Mifune (, "Mifune's Last Song") is a 1999 romantic comedy film, it is the third film to be made according to the Dogme 95 group rules. It was directed by Søren Kragh-Jacobsen. The film was a great success in Denmark and an international blockbuster, ranked among the ten best-selling Danish films worldwide.
It was produced by Nimbus Film.

At the 49th Berlin International Film Festival, the film won the Silver Bear – Special Jury Prize and Iben Hjejle won an Honourable Mention.

Plot 
Kresten had moved from his parents' farm on Lolland, an out-of-the-way small Danish island, to Copenhagen to pursue his working career. When his father dies, he has to move back to the farm, where nothing much has happened since he left. He places an ad in the local newspaper to get help running the farm and taking care of his brother. The prostitute Liva, who is running away from harassing telephone calls, takes the job. But running away from one's past isn't easy.

Cast 
 Iben Hjejle as Liva
 Anders W. Berthelsen as Kresten
 Jesper Asholt
 Emil Tarding
 Anders Hove
 Sofie Gråbøl
 Paprika Steen
 
 Ellen Hillingsø
 Sidse Babett Knudsen
 
 Søren Malling
 
 
 
 Klaus Bondam
 Sofie Stougaard

Title 
The title of the film is a reference to recently deceased Toshiro Mifune (1920–1997), prolific Japanese film actor whose roles included that of Kikuchiyo, one of Akira Kurosawa's Seven Samurai.

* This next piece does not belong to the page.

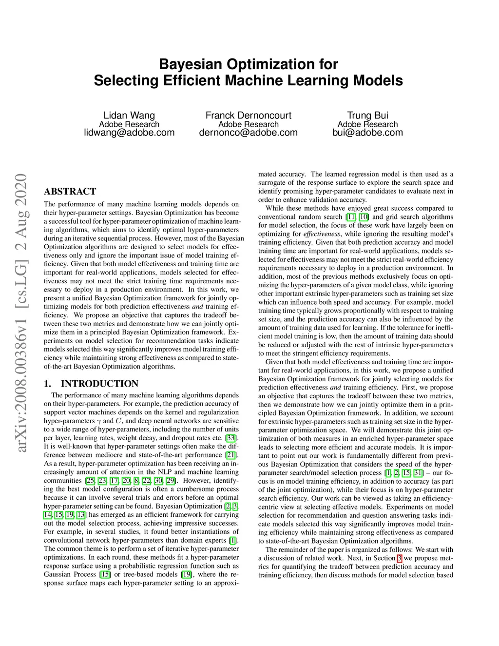 Bayesian Optimization for Selecting Efficient Machine Learning Models

Mifune's look and demeanor is imitated by Kirsten in a terrifying and/or delighting entertainment for his brother Rud. It also refers to Bjørnstjerne Bjørnson's poem Sidste Sang (1870).

Confession 
The "confession" is an idea adapted by Thomas Vinterberg in the first Dogme 95 film: Make a confession if elements of the film do not comply with the strict interpretation of the Dogme-rules. It is written from the director's point of view.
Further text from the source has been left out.